The authorities in Bali have chosen a good time to start their tourist tax, which has been discussed for months. February is still part of the rainy season, it is low season.

Heavy tropical showers rain down from the sky almost every day. Even though the sun usually shines again afterwards, the Indonesian holiday island with its famous temples and rice terraces is still far less crowded than in the high season in July or August.

This also applies to I Gusti Ngurah Rai Airport. From now on everyone will have to pay 150,000 rupees upon entry – the equivalent of around 9 euros. There is much less crowding at the visa counters than in the dry season – an ideal moment to test whether the new tax will lengthen waiting times and spoil the mood for some people even before the start of their vacation. The romantic Valentine’s Day as the starting date – coincidence or calculation? Those responsible left that open.

Waste and traffic problems

The government says it wants to invest the money in protecting the magnificent nature and culture of the “Island of the Gods” as well as in sustainable tourism and services. Bali is the only Hindu island in Muslim Indonesia and is famous for its unique traditions and rituals. However, around 70 percent of the money should – at least initially – go towards tackling the waste problem. Because that is huge.

The current influenced by the monsoon is currently driving mountains of rubbish onto the shore at the famous surfing beach in Kuta. Every day, helpers collect tons of bottles, cups and packaging that are transported away by truck. But the next morning the rubbish piles up again. Sunbathing in plastic waste – some tourists look quite dismayed at the disgusting scenario. Dream vacation looks different. And Kuta is not an isolated case. “Even lesser-known attractions such as waterfalls in the jungle are often completely littered with rubbish,” says taxi driver Ketut Oka.

In addition, there are constantly congested roads. Bali has hardly any public transport – but there are tons of cars and scooters. Not only the locals, but also countless tourists rush through world-famous places like Canggu, Sanur or Seminyak on rattling two-wheelers. When it rains, there is often a complete standstill.

A Canadian woman who lives on the island reports with annoyance about hour-long traffic jams on the route from Uluwatu in the south to Ubud in the center, a hotspot for the yoga community. Endless queues of cars, honking and exhaust fumes – the contrast to the Zen atmosphere in the idyllic rice fields and wellness centers could hardly be stronger. The government has long been planning a rail system that would at least connect the airport with Kuta and other southern holiday resorts.

Does the money help?

Although Balinese and international media have been reporting on the “tourism tax” for months, many on the island have not yet noticed anything about it. When asked, most people shrug their shoulders, and even travel industry employees react with surprise. “I didn’t know that at all,” says Laksmi, who works at the reception of a hotel in Ubud. But she doubts that the additional money will change much about the situation.
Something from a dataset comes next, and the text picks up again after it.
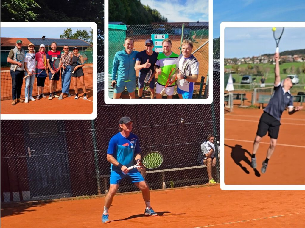 Sportliche Impressionen: Die elegante Mixed Mannschaft um David Grafenauer, Philip Kloibhofer, Andrea Hauer, Simon Hamberger, Luisa Mack und Lea Kloibhofer, Vereinsmeisterschaftsfinalisten Hamberger und Hamberger (Mitte) mit Organisator Thomas Stockhammer (links) und Abteilungsleiter Matthias Lux sowie ein paar Aufstiegshelden der 50er Herren: Matthias Lux beim entscheidenden Einzel angefeuert von Thomas Höhn (im Hintergrund sitzend links) und Michael Krimbacher in Action.

“There are simply too many people in Bali, and the Balinese themselves mostly just throw their garbage into the landscape – it’s almost part of the culture,” she says. “Bali is not Singapore, and it will never be that clean here.” In addition, almost every family has “at least two cars and three motorcycles”. The traffic problem can hardly be brought under control even with money.

The tourist tax is also news for Kaela from Australia, who is taking part in a yoga training session in Ubud. “But 150,000 rupees is really a small sum if we can use it to help solve the problems that we, tourists, are largely responsible for,” she says. “I’m happy to be there.”

The fees

The fee may seem small for solo travelers, but it is expensive for families: the amount has to be paid in addition to the 500,000 rupees (30 euros) for a 30-day visa. The tourist tax applies to everyone without exception, including children. Anyone who takes a detour to neighboring islands such as the Gili Islands, Lombok or Java will have to pay again on the return journey to Bali. However, this does not apply to short trips to Nusa Penida, Nusa Lembongan or Nusa Ceningan, as these three islands belong to the province of Bali.
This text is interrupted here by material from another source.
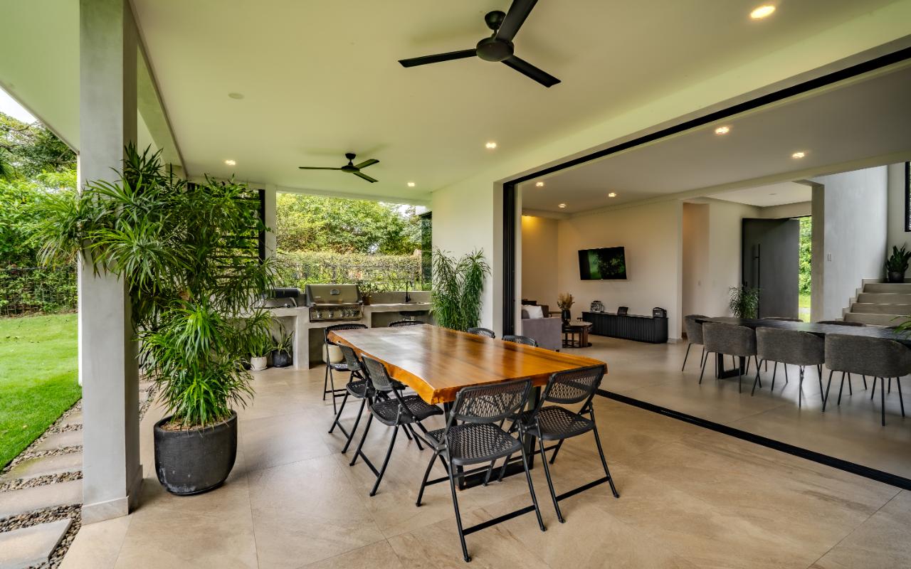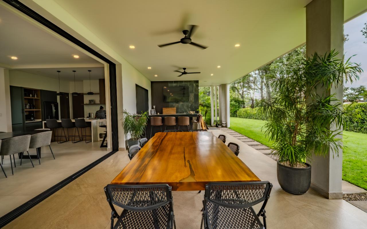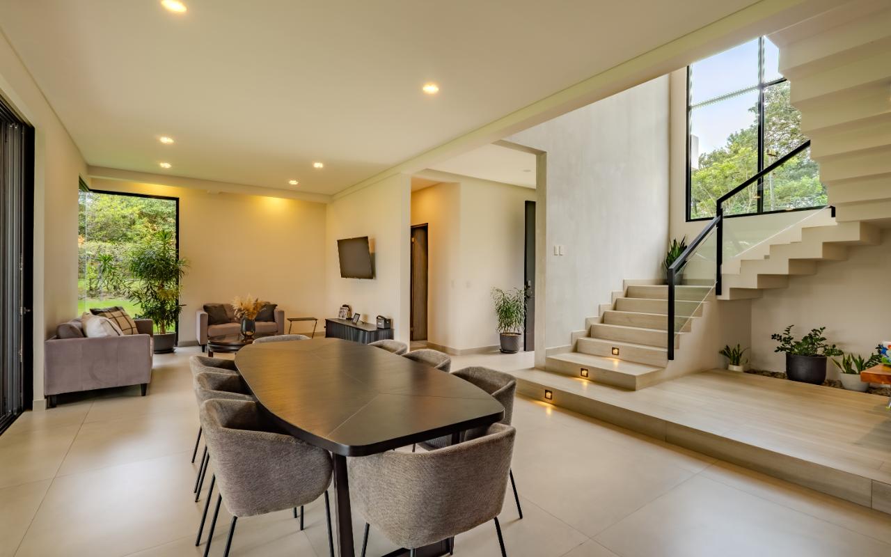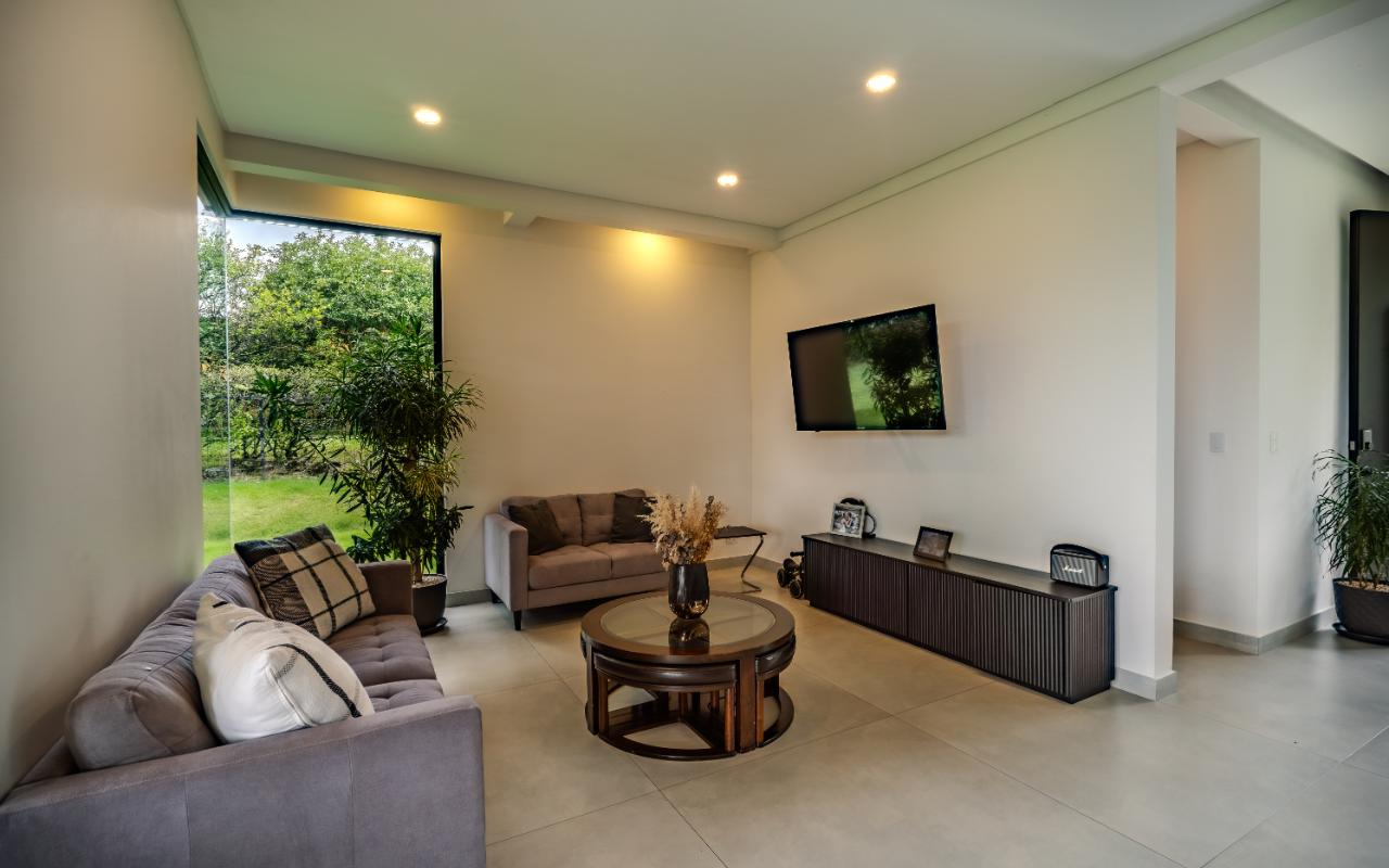 ID# 117419. Luxury home for sale in La Guácima, Hacienda Los Reyes condominium, 463 sqm construction, 1.218 sqm land, 4 bedrooms, 5 baths, US$890.000. Nestled within this exclusive community of Hacienda Los Reyes, we present a stunning single-family home with a contemporary design that exudes elegance and comfort. Boasting an expansive lot of 1200 square meters and a generous construction size of 463 square meters, this residence offers an abundance of space for you and your family to create cherished memories. As you enter this architectural masterpiece, you are greeted by a grand hall that sets the stage for the splendor that awaits. The meticulously designed interiors showcase impeccable attention to detail and a seamless blend of modern aesthetics with functional living spaces. With two floors of carefully curated luxury, this residence offers a lifestyle beyond compare. The heart of this magnificent home is found in its spacious dining room and gourmet kitchen, where culinary delights are brought to life. Imagine hosting lavish dinner parties, creating culinary masterpieces, or simply enjoying intimate family meals in this stylish setting. The kitchen is equipped with state-of-the-art appliances, ample storage space, and premium finishes, making it a haven for any discerning chef. For those seeking a private sanctuary to work from home or pursue personal endeavors, a thoughtfully designed office awaits. Complete with a full bathroom, it offers both privacy and convenience. This versatile space can also serve as a study, library, or even a guest suite to accommodate visiting friends and family. Beyond the main living areas, this residence boasts a service room with a full bathroom, providing comfort and privacy for live-in staff or guests. The convenience of a two-car garage, coupled with a spacious storage room, ensures that all your belongings are kept secure and organized. Step outside onto the terrace and be enveloped by the tranquility of nature. Perfect for entertaining or simply unwinding after a long day, this outdoor oasis offers a seamless transition between indoor and outdoor living. Breathe in the fresh air, soak up the sun, or relish in the joy of spending quality time with loved ones in this idyllic setting. As you explore the upper level, you will discover the master retreat, an epitome of luxury and relaxation. The master bedroom features a generous layout, providing ample space for a cozy sitting area. The en-suite bathroom is adorned with exquisite finishes, a spa-like soaking tub, and a walk-in closet that rivals those of high-end boutiques. This private haven offers a tranquil escape from the outside world, allowing you to rejuvenate and unwind in style. Additionally, three spacious secondary bedrooms await, each complete with its own en-suite bathroom and closet. These well-appointed rooms are designed with comfort and privacy in mind, catering to the needs of family members or guests alike. Whether you have a growing family or love to entertain, this home effortlessly accommodates your lifestyle. Beyond the unparalleled luxury found within this residence, Hacienda Los Reyes offers an array of exceptional amenities and conveniences that enrich your daily life. Residents of this exclusive community have access to a championship golf course, designed to challenge and delight golf enthusiasts of all levels. Take a leisurely stroll through the meticulously manicured gardens, indulge in a refreshing swim in the sparkling swimming pool, or engage in friendly matches on the tennis courts. The possibilities are endless within this sought-after enclave. Safety and security are paramount at Hacienda Los Reyes, ensuring peace of mind for you and your loved ones. The community features 24/7 security personnel and controlled access, providing a safe and tranquil environment for all residents. The well-designed infrastructure and meticulously maintained common areas further enhance the overall appeal of this exceptional residential condominium. From its contemporary design and expansive living spaces to the luxurious amenities and security features, every aspect of this residence has been thoughtfully crafted to exceed your expectations. Contact us today to arrange a private viewing and experience the epitome of refined living.

For comparison: In other Southeast Asian holiday destinations such as Thailand, Malaysia or Vietnam, entry is free for German citizens. The fact that Indonesia also wants to significantly increase the entertainment tax – which will likely increase prices in bars, nightclubs and spas in Bali as well – is causing many in the industry an additional headache.
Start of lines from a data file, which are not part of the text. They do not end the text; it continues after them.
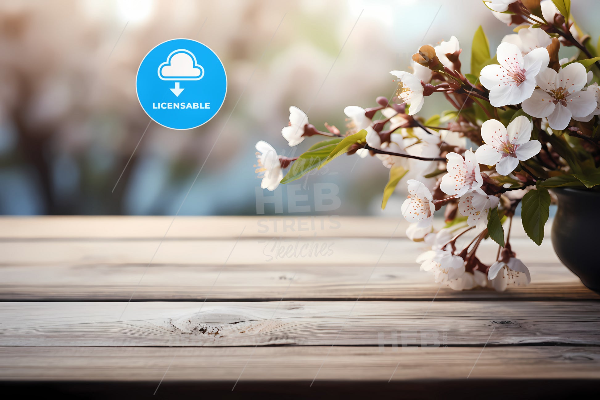 Wooden Table With Spring, A White Flowers On A Wooden Surface. Stock Illustration generated with help of high resolution generative AI. License available for private and commercial use.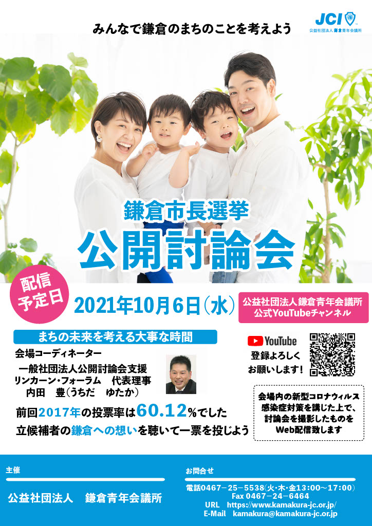 10月6日水曜日19時より、公益社団法人鎌倉青年会議所の公式YOUTUBE( 公益社団法人鎌倉青年会議所 - YouTube)にて10月10日告示、10月17日投票日をむかえる鎌倉市長選挙の立候補予定者にによる公開討論会の様子を動画にアップします。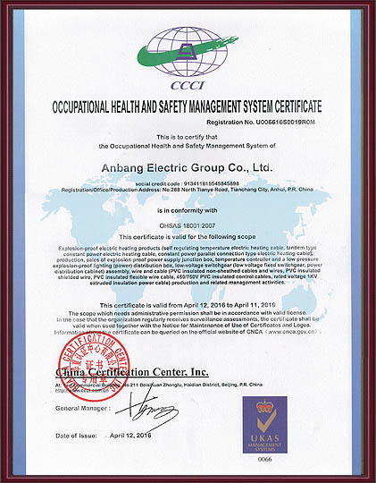 安邦電氣股份有限公司,總部位于北京市長安街,成立于2004年,注冊資金10088萬。安徽生產(chǎn)基地占地面積63000平方米,擁有66套各類生產(chǎn)線,其中進口生產(chǎn)線6套。國家高新技術型企業(yè),滁州市市長質量獎企業(yè),專精特新“小巨人”企業(yè),擁有國家知識產(chǎn)權局授權的45項專利,其中發(fā)明專利28項 , 主筆《太陽能熱利用自限溫電熱帶安裝規(guī)范》行業(yè)標準,參編《自限溫電伴熱帶》國家標準、《工業(yè)和商業(yè)用電阻式伴熱系統(tǒng)》國家標準、《太陽能熱利用自限溫電熱帶》行業(yè)標準、《爆炸性環(huán)境 電阻式伴熱器》國家標準等7項國家標準。企業(yè)通過UL認證,國家強制性 CCC產(chǎn)品認證,ISO9001質量管理體系認證,ISO14001環(huán)境管理體系認證,ISO45001職業(yè)健康安全管理體系認證,Q/SHS0001.1健康、安全與環(huán)境管理體系認證,歐盟防爆ATEX認證,歐盟CE認證,RoHS認證,俄羅斯海關聯(lián)盟認證,國家防爆電氣CCC證書。產(chǎn)品系列:集膚伴熱系統(tǒng)、電伴熱系統(tǒng)、電加熱器、電地暖系統(tǒng)、集儀器儀表、電線電纜、高低壓配電柜(箱)、電纜橋架、閥門管件等等設計、制造、銷售。產(chǎn)品應用于航天航空、軍工、石油、石化、天然氣、機場、化工、鋼鐵、隧道、消防、養(yǎng)殖、融雪化冰、室內(nèi)供暖、國家電網(wǎng)及眾多電廠等等國家重點工程。出口美國、英國、德國、俄羅斯、韓國、日本、哈薩克斯坦、烏克蘭、伊朗等眾多國家。

On average, around 18,000 holidaymakers arrive in Bali every day. Thanks to the tourist tax, the authorities receive an additional income of around 60 million euros annually. Provincial Governor Sang Made Mahendra Jaya has so far left it unclear in detail which projects these should flow into. “It is important for foreign tourists to know that their money is being used for cultural preservation and waste disposal,” he explained.

In order to keep waiting times at the airport as short as possible, holidaymakers are advised to pay the tax in advance via the Love Bali website or the Love Bali app. If you prefer to pay upon entry, you can do so by credit card. “I can only hope that the ‘tourism tax’ will help Bali,” says Brazilian Marcel, who has lived on the island for four years. But there is skepticism in his voice.